_Data below_
+ + + + + + +
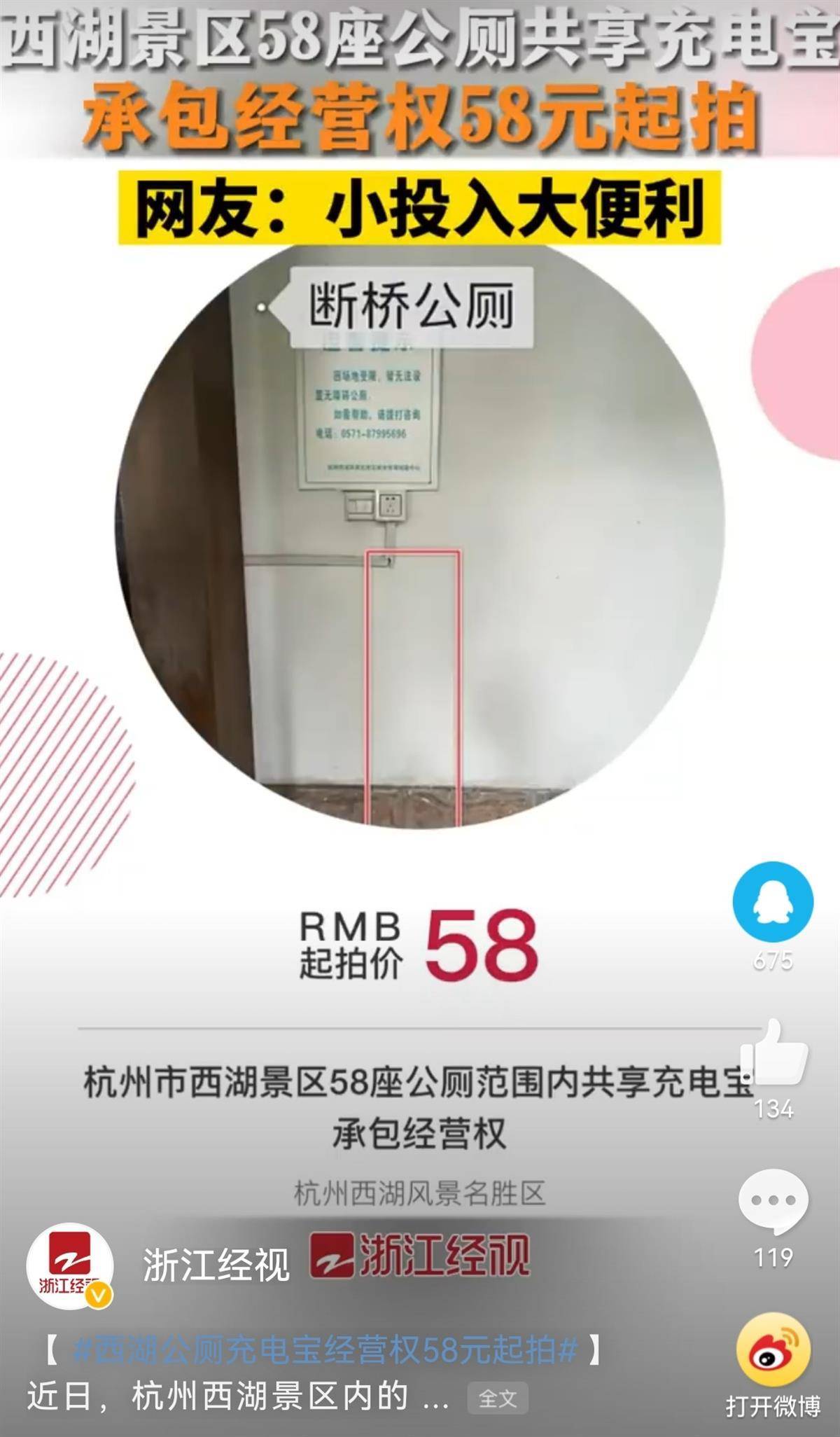 原标题:杭州西湖景区公厕充电宝经营权58元起拍,游客:这个可以有,完美服务
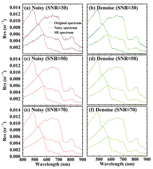 We plotted three typical spectra under varied noise levels, together with the SR denoised ones (Figure 5). When the SNR is around 30, the noisy Rrs curves show obvious vibration (Figure 5a). The sharp peaks and valleys caused by random noise at sensitive bands will bring errors into the water-color estimation models. The denoised signals (Figure 5b) look smooth and highly consistent with the original noiseless Rrs curves. When the SNR was set to about 50, the noised spectra (Figure 5c) were obviously smoother than those in Figure 5a. We could only see some slight fluctuations in several bands. The SR denoised curves were nearly indistinguishable with the original signals. When the SNR is about 70, both the noisy and denoised spectra looked the same with the original Rrs curves. This means that the SR method can yield satisfactory results under both high, median, and low noise levels.
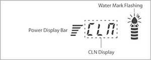 Pendant le nettoyage automatique, le voyant d'eau clignotte. La barre d'affichage de la puissance indique le temps restant, et diminue d'une barre toutes les 3 secondes.
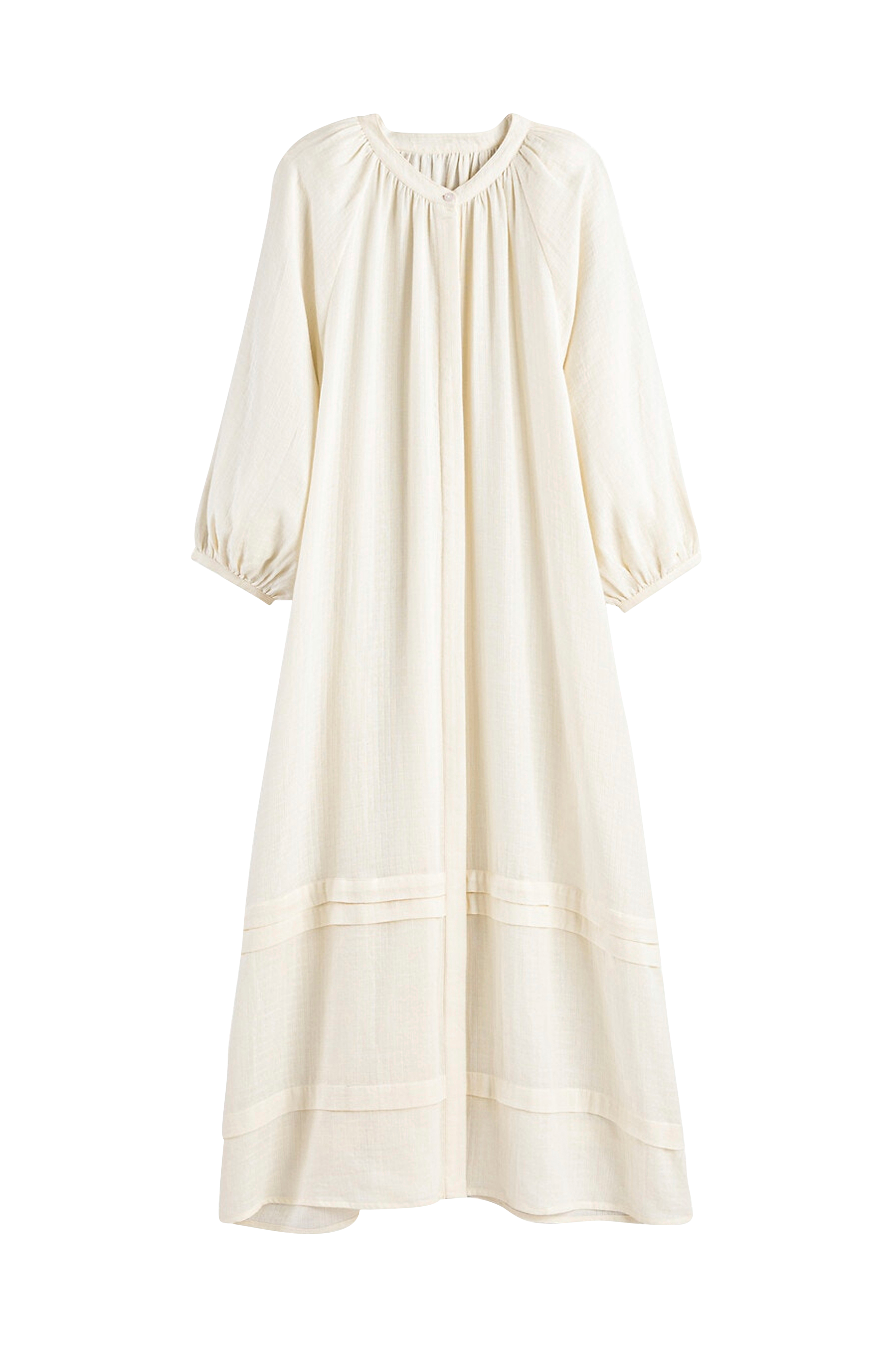 Lang kjole i bomuldsstof, et blødt og luftigt stof med en let vaffelstruktur, der er meget behagelig. A-formet model med stor bevægelsesfrihed. Flot bohemestil. Detaljer
+ + + + + + +
Repeat the material exactly and drop each image.

_Expected answer_
 原标题:杭州西湖景区公厕充电宝经营权58元起拍,游客:这个可以有,完美服务
 We plotted three typical spectra under varied noise levels, together with the SR denoised ones (Figure 5). When the SNR is around 30, the noisy Rrs curves show obvious vibration (Figure 5a). The sharp peaks and valleys caused by random noise at sensitive bands will bring errors into the water-color estimation models. The denoised signals (Figure 5b) look smooth and highly consistent with the original noiseless Rrs curves. When the SNR was set to about 50, the noised spectra (Figure 5c) were obviously smoother than those in Figure 5a. We could only see some slight fluctuations in several bands. The SR denoised curves were nearly indistinguishable with the original signals. When the SNR is about 70, both the noisy and denoised spectra looked the same with the original Rrs curves. This means that the SR method can yield satisfactory results under both high, median, and low noise levels.
 Pendant le nettoyage automatique, le voyant d'eau clignotte. La barre d'affichage de la puissance indique le temps restant, et diminue d'une barre toutes les 3 secondes.
 Lang kjole i bomuldsstof, et blødt og luftigt stof med en let vaffelstruktur, der er meget behagelig. A-formet model med stor bevægelsesfrihed. Flot bohemestil. Detaljer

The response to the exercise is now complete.